__Required action__. No pictures, please: print exactly the lines from the one that contains "The main waterfall" through the last line of the listing.

__Supplied material__.
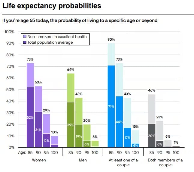 Thanks to advances in healthcare, most of us are now living longer in retirement than what we are budgeting for financially. It's important to be planning for a retirement of around 35 years. While that may sound excessive, the maths isn't crazy: some people retire at 65 and live until they are 100.
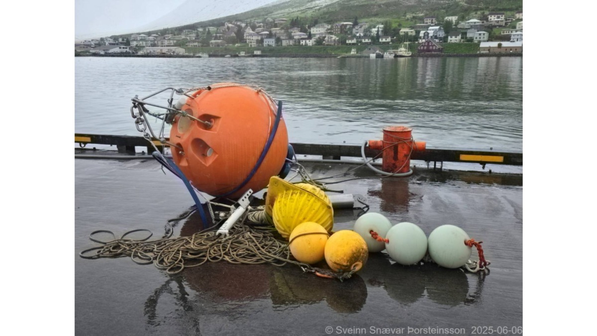 Í óveðrinu síðustu daga rak veðurdufl inn Siglufjörð og strandaði í Hvanneyrarkrók.
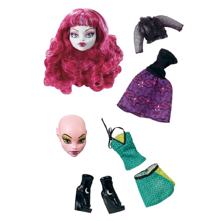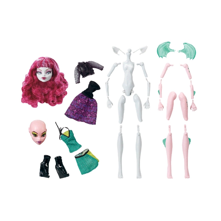 Wymyślaj i twórz swoje własne, najbardziej oryginalne straszydła! Pomoże Ci w tym dodatkowy, unikatowy zestaw z serii Stwórz Własnego Potwora Wilkołak i Smok. W pudełku znajdują się części lalki i akcesoria. Zestawy z tej kolekcji można łączyć miedzy sobą: zamieniaj głowy, dłonie, kości, czułki, peruki co pozwala na stworzenie ponad 250 upiornych kombinacji. Lalki nie stoją samodzielnie.
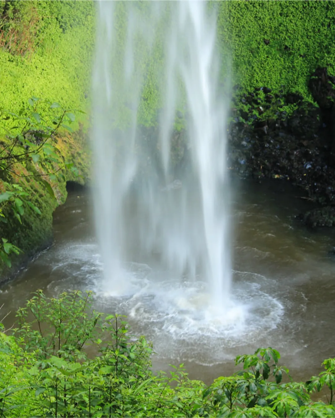 The main waterfall is at the bottom of a volcanic canyon and is set deep in the bush. There is a small wooden bridge where you can view the waterfall from or just walk either side of the bridge to get a little closer. It's one of those huge, thunderous waterfalls but a truly beautiful one you can sit and appreciate.
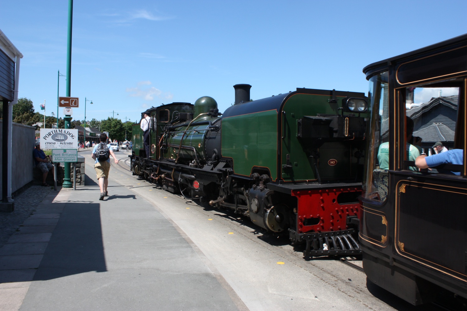 The Beyer Garrett running along the street and over the river bridge before returning to its own trackway.
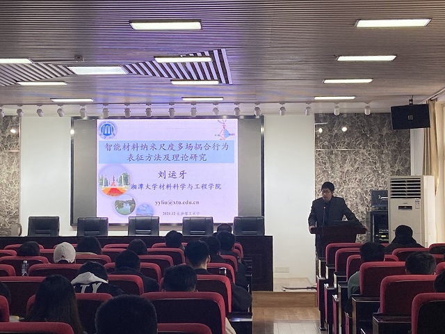 为加强学生们对智能材料领域发展现状及趋势的了解,12月14日15:00,物电学院博力学术论坛之智能材料纳米尺度多场耦合行为表征方法及理论研究专题讲座在理科楼B413举行。本次讲座由湘潭大学材料科学与工程学院刘运牙教授主讲,物电学院副院长张卫兵主持。
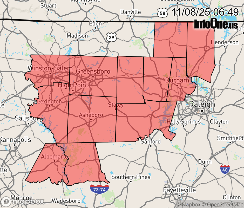 Canceled 11/8/25 8:30 AM Special Weather Statement issued November 8 at 6:48AM EST by NWS Raleigh NC Areas of dense fog over the Piedmont this morning will disperse through 8 or 9 AM. Motorists are encouraged to be alert for rapidly changing visibility, slow down, and allow extra following distance. ![]() |
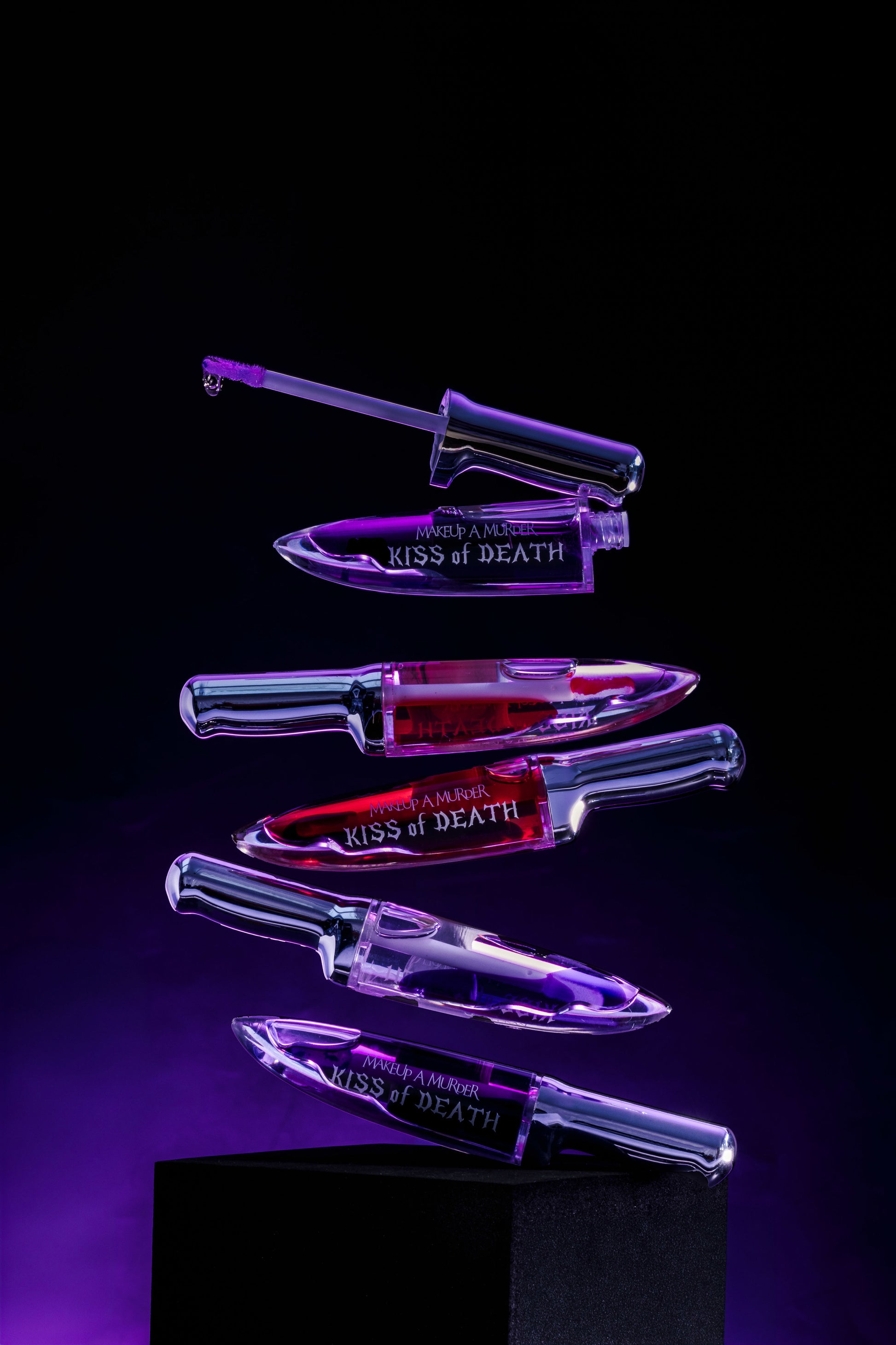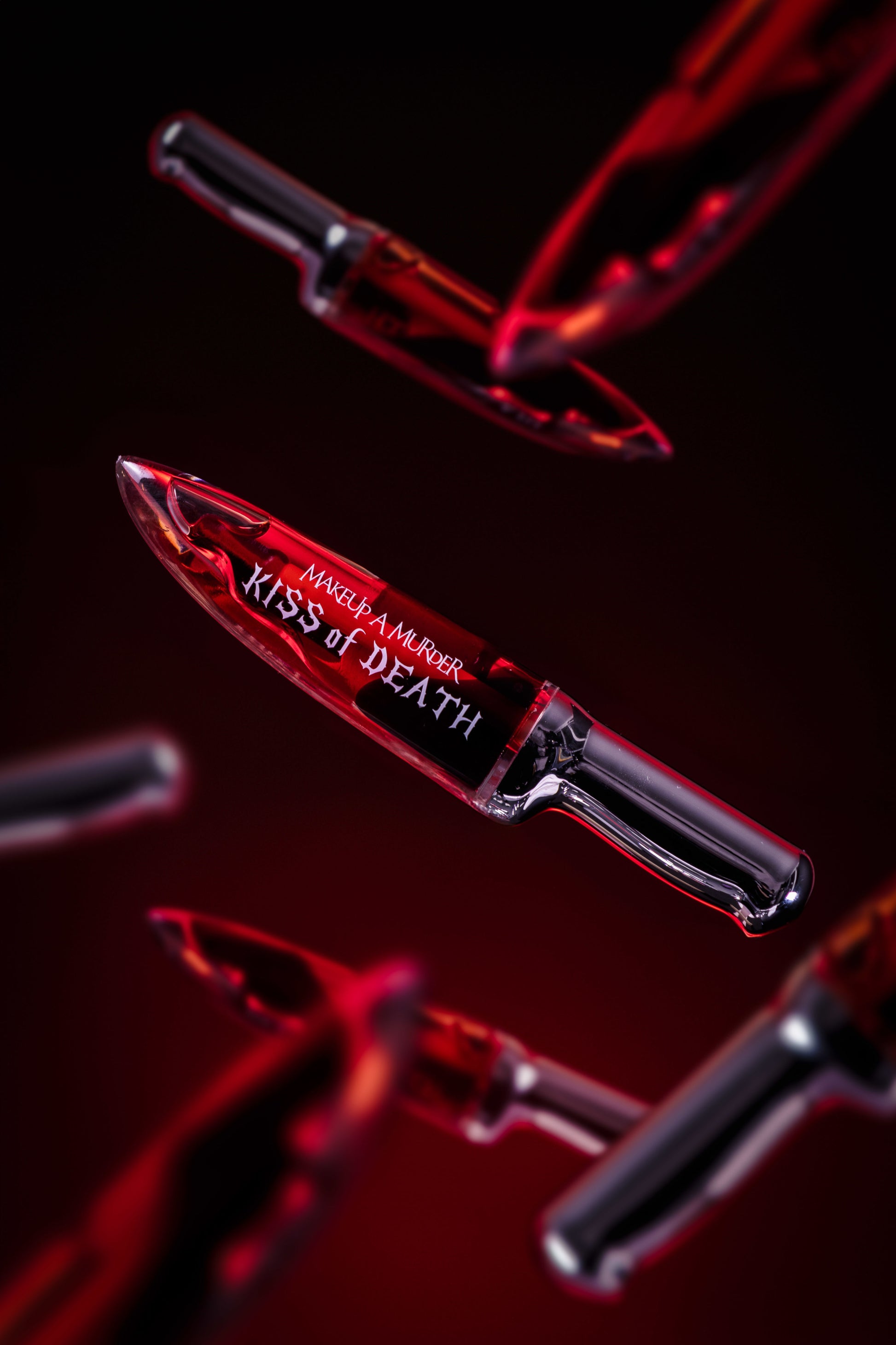 Kiss of Death Lip Oils: Laid to rest in its very own velvet lip casket are our infamous knives filled with the bloodiest hydrating lip oil formula. Our bloody elixir will leave your lips dying for more and your enemies envious.

__Written solution__.
 The main waterfall is at the bottom of a volcanic canyon and is set deep in the bush. There is a small wooden bridge where you can view the waterfall from or just walk either side of the bridge to get a little closer. It's one of those huge, thunderous waterfalls but a truly beautiful one you can sit and appreciate.
 The Beyer Garrett running along the street and over the river bridge before returning to its own trackway.
 为加强学生们对智能材料领域发展现状及趋势的了解,12月14日15:00,物电学院博力学术论坛之智能材料纳米尺度多场耦合行为表征方法及理论研究专题讲座在理科楼B413举行。本次讲座由湘潭大学材料科学与工程学院刘运牙教授主讲,物电学院副院长张卫兵主持。
 Canceled 11/8/25 8:30 AM Special Weather Statement issued November 8 at 6:48AM EST by NWS Raleigh NC Areas of dense fog over the Piedmont this morning will disperse through 8 or 9 AM. Motorists are encouraged to be alert for rapidly changing visibility, slow down, and allow extra following distance. ![]() |
 Kiss of Death Lip Oils: Laid to rest in its very own velvet lip casket are our infamous knives filled with the bloodiest hydrating lip oil formula. Our bloody elixir will leave your lips dying for more and your enemies envious.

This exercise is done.